Le cardinal Robert Sarah, lors d’un discours prononcé mercredi devant le Parlement européen, a dénoncé l’idéologie du genre et le fondamentalisme islamique comme des « bêtes apocalyptiques » qui menacent de détruire la famille et l’humanité elle-même.
Dans son discours d’une heure environ, prononcé le 15 juillet lors d’une conférence (en italien) au Parlement européen intitulée « Europe et Afrique : dialogue avec le cardinal Robert Sarah », qui comprenait également des interventions de la vice-présidente du Parlement européen, Antonella Sburi, et du nonce apostolique auprès de l’Union européenne, l’archevêque Bernardito Auza, le prélat guinéen a fustigé les méfaits de l’avortement, du « mariage » homosexuel, de l’idéologie du genre et du fondamentalisme islamique, ainsi que leur impact sur l’Afrique, l’Europe et l’ensemble de la société.
Tout en dénonçant le fait que l’ONU, ainsi que les puissances européennes et autres puissances occidentales, aient cherché à imposer l’idéologie du genre aux nations africaines en échange d’une aide financière, le cardinal Sarah a repris les propos qu’il avait tenus lors du Synode sur la famille de 2015, selon lesquels l’idéologie du genre, ainsi que le fondamentalisme islamique, sont des « bêtes apocalyptiques ».
« En 2015, lors du Synode sur la famille, j’ai déclaré, et je ne retire pas un seul mot aujourd’hui, que “l’idéologie du genre et le fondamentalisme islamique représentent chacun, à leur manière, deux bêtes apocalyptiques qui menacent de détruire non seulement la famille, mais l’humanité elle-même, l’image de Dieu” ».
« Certains ont jugé cette image excessive. Je continue de croire qu’elle recèle une part de vérité. Se pourrait-il que ces forces, bien que très différentes par leur origine et leur forme, partagent le même prétexte de réécrire l’humanité à leur guise ? » « L’une au nom d’un prétendu progrès, l’autre au nom d’un prétendu retour à une pureté originelle, niant dans les deux cas la liberté religieuse et la dignité humaine. »
L’Église catholique enseigne que Dieu crée chaque individu, homme ou femme, au moment de sa conception et que le sexe est un trait immuable qui
« caractérise l’homme et la femme non seulement sur le plan physique, mais aussi sur les plans psychologique et spirituel, laissant son empreinte sur chacune de leurs expressions ».
Le document du Vatican de 1975, Persona Humana, mettait en garde contre les principes du mouvement transgenre moderne, déclarant qu’
« il ne peut y avoir de véritable promotion de la dignité de l’homme sans le respect de l’ordre essentiel de sa nature ».

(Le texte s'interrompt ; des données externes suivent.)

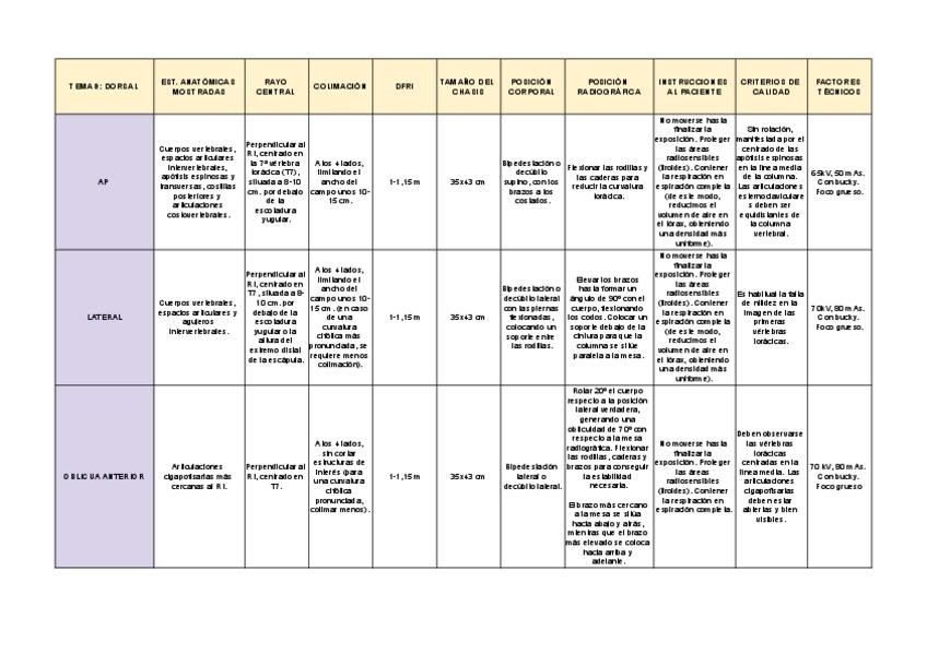 Os dejo una tabla con las proyecciones de la columna dorsal, lumbar, el sacro, el coxis, el tórax, el abdomen, de la cabeza, además de la cabeza a nivel facial y mandibular.

L’enseignement catholique condamne également les mutilations corporelles et la stérilisation comme étant « contraires à la loi morale » et dénonce l’idéologie du genre.
Concernant le fondamentalisme islamique, le cardinal Sarah lui-même figure parmi plusieurs prélats catholiques de premier plan qui ont mis en garde contre l’immigration massive de musulmans et d’autres groupes vers l’Europe.
« Je le répète, nous devons œuvrer ensemble à la reconstruction des nations ravagées par la guerre, la corruption et l’injustice, mais cela ne signifie pas encourager le déracinement des peuples ni la destruction des nations ». « Certains instrumentalisent la Parole de Dieu pour justifier la promotion du multiculturalisme et se servent allègrement du prétexte de l’hospitalité pour justifier l’accueil d’immigrants. »
Plus tôt dans son discours, Sarah a souligné la place prépondérante accordée par l’Europe aux prétendus « droits » à l’avortement et à l’idéologie LGBT, et comment cela a contribué à l’« autodestruction » du continent en pervertissant la raison.
« Lorsque l’Europe construit des “droits” détachés de la vérité sur la personne humaine – l’avortement, que certains voudraient ériger en “droit fondamental”, l’“identité sexuelle” réduite à une pure construction subjective de soi –, la raison elle-même est pervertie : de simple instrument de connaissance de la vérité, elle devient un instrument de pouvoir capable de s’imposer par la force de la loi et de l’argent à ceux qui ne partagent pas ces promesses ».